De son côté, l’UGIF (Union générale des israélites de France) a été autorisé à organiser un service médical d’urgence sur place comprenant deux médecins juifs qui se relayaient nuit et jour. Les docteurs Alfred Milhaud, Simone Loewe-Lyon, Benjamin Weill-Hallé, Richard Kohn, Raymond Vilenski, Fernand Hirschberg, Jean Goldmann et Benjamin Ginsbourg qui s’étaient portés volontaires ont assuré avec efficacité avec le peu de moyens dont ils disposaient la prise en charge médicale des nombreux malades présents sur place. J’ai eu l’occasion de rencontrer Benjamin Ginsbourg à l’occasion d’une réunion de l’AMIF (Association des Médecins Israélites de France) dont il a été le président fondateur en 1952. Ce dernier m’a raconté l’énergie hors du commun qu’ils ont déployée pour assurer les soins, mais surtout pour sauver un maximum de femmes enceintes, de malades graves et surtout d'enfants. En effet, ils étaient autorisés à signaler les détenus à hospitaliser, mais ils n’avaient pas le pouvoir de décision. Seul Jean Tisné, médecin de la préfecture de Police, était capable de donner l’autorisation d’évacuer des malades. Il n’était pas sur place au Vel d’Hiv, par conséquent, les médecins juifs s’échinaient à essayer de le convaincre par téléphone afin qu’il donne son autorisation. Ce dernier a fait preuve d’une absence totale d’empathie en n’autorisant que quelques rares sorties au compte-goutte. Malgré ces difficultés, les médecins juifs ont réussi à évacuer un certain nombre d’enfants sous prétexte qu’ils présentaient des « maladies contagieuses à caractère épidémique » à l’hôpital Claude Bernard. Benjamin Ginsbourg m’a raconté que les enfants avec une banale angine étaient isolés sous prétexte qu’ils souffraient de diphtérie ou de scarlatine. Ils étaient ensuite évacués avec ceux dont on faisait croire qu’ils souffraient de rougeole alors qu’ils ne présentaient qu’une banale éruption. Je n’oublierais jamais les larmes qui coulaient des yeux de Benjamin Ginsbourg lorsqu’il m’a raconté les déchirantes séparations des enfants avec leurs mères…

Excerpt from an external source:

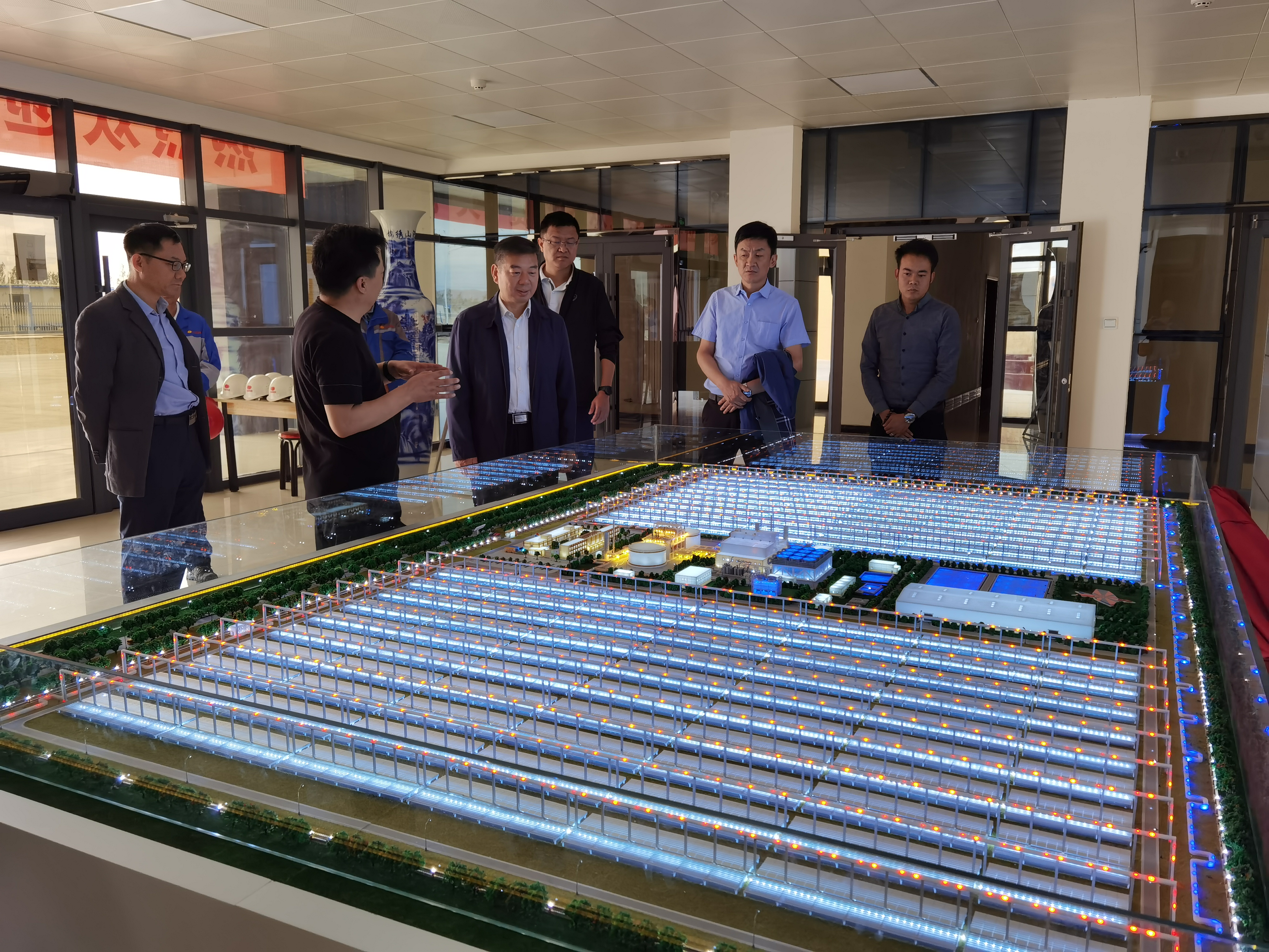 党建武一行现场参观了聚光集热场、熔盐储换热岛、汽轮发电机组及电站主控室等电站主要设施及部分装置设备工作过程,在主控室通过监控大屏观看了电站实际发电运行过程和参数,了解了电站通过大规模的聚光储热,将间歇式太阳能转变成了可持续供能的优质清洁电能的重大意义。

En dehors de l’enceinte du Vel dHiv, des médecins non juifs choqués par cette rafle ont eu une attitude admirable en aidant du mieux qu’ils le pouvaient les Juifs pourchassés. Mais surtout il convient de rappeler l’initiative des docteurs Charles Laubry, Georges Duhamel et Louis Pasteur Vallery Radot qui ont accompagné la comtesse de La Bourdonnais chez l’archevêque de Paris Suhard afin d'exprimer leur indignation. Le cardinal Suhard a alors écrit la première lettre officielle de protestation au Maréchal Pétain « Profondément ému par ce qu’on nous rapporte des arrestations massives d’israélites opérées la semaine dernière et des durs traitements qui leur ont été infligés notamment au vélodrome d’Hiver, nous ne pouvons étouffer le cri de notre conscience. C’est au nom de l’humanité que notre voix s’élève pour une protection en faveur des droits imprescriptibles de la personne humaine ».